We can se that we have no missing values on this dataset. However, al values appear as "object" despite some of them are numbers or dates. We have also two variables,"Condition" and "Seller_type", that seem to be binary. Let's check that before moving on

In [5]:
print(df.Condition.unique())
print(df.Seller_type.unique())

['Used' 'New']
['Member' 'Premium-Member']


As suspected, both variables are binaries.
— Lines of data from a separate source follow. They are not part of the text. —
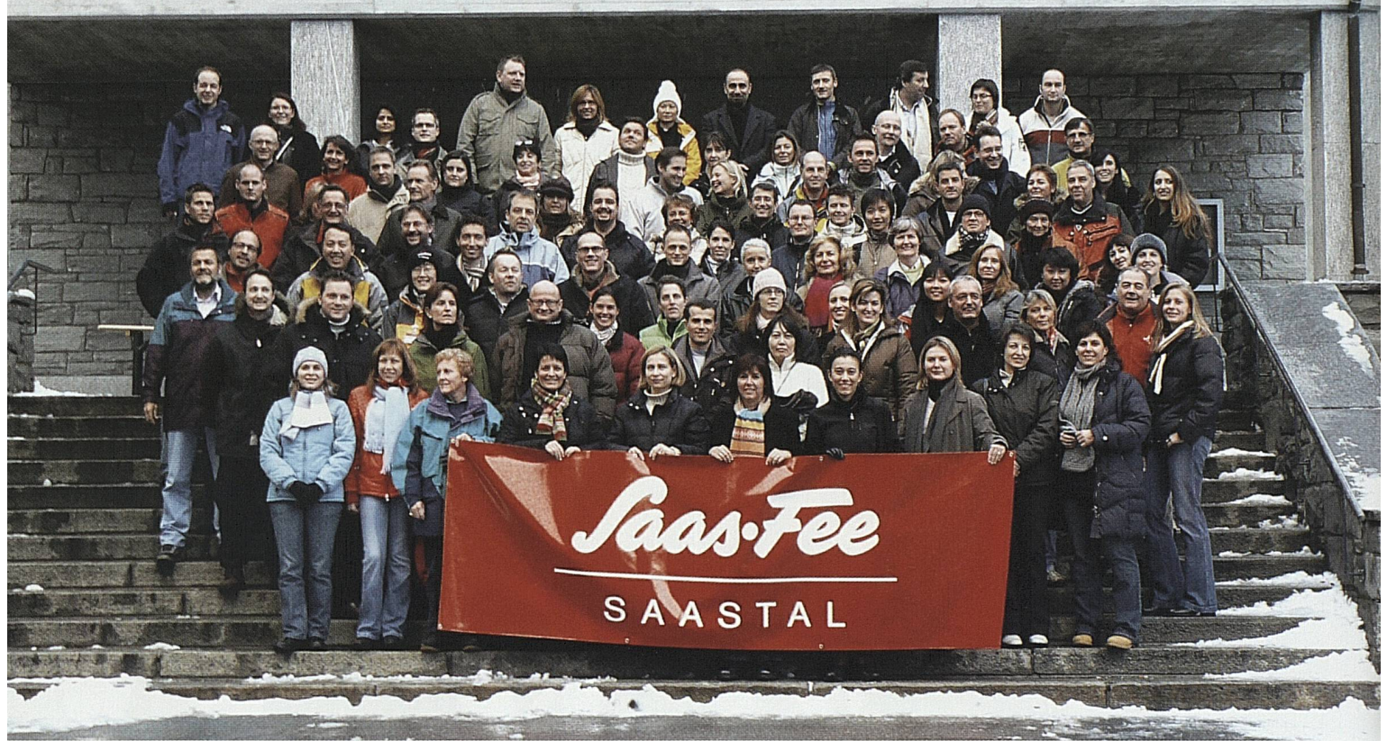
Die internationale ST-Crew trifft sich regelmässig für Workshops und strategische Seminare: dieses Mal in Saas-Fee. L'équipe internationale de ST se réunit régulièrement pour des ateliers et des séminaires stratégiques: cette fois-ci à Saas-Fee.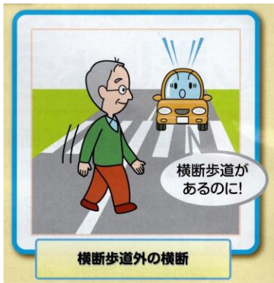
横断歩道外の横断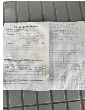
(飲水機每月保養維護)

We will change those of a new pair of variables that take 1s and 0s as it's possible values

**Binary variables**

In [6]:
# We are convert the condition type to a boolean variable with 1s and 0s

def textToBoolean(condition, yesval, noval):
    if condition == yesval:
        return 1
    elif condition == noval:
        return 0
    else:
        return null
df["Is_new"] = df["Condition"].apply(lambda x: textToBoolean(x, "New", "Used"))
df["Premium_seller"] = df["Seller_type"].apply(lambda x: textToBoolean(x, "Member", "Premium-Member"))

**Prices**

In [7]:
# We want to convert prices to numbers:

def parsePrice(text):
    text = text.replace("Rs ","")
    text = text.replace(",","")
    return int(text)

df["Price_value"] = df["Price"].apply(lambda x: parsePrice(x))

**Dates**

In [8]:
# Now, let's convert the date strings in "published_date" to datetime objects

df["Published"] = pd.to_datetime(df["published_date"], format="%Y-%m-%d %H:%M:%S")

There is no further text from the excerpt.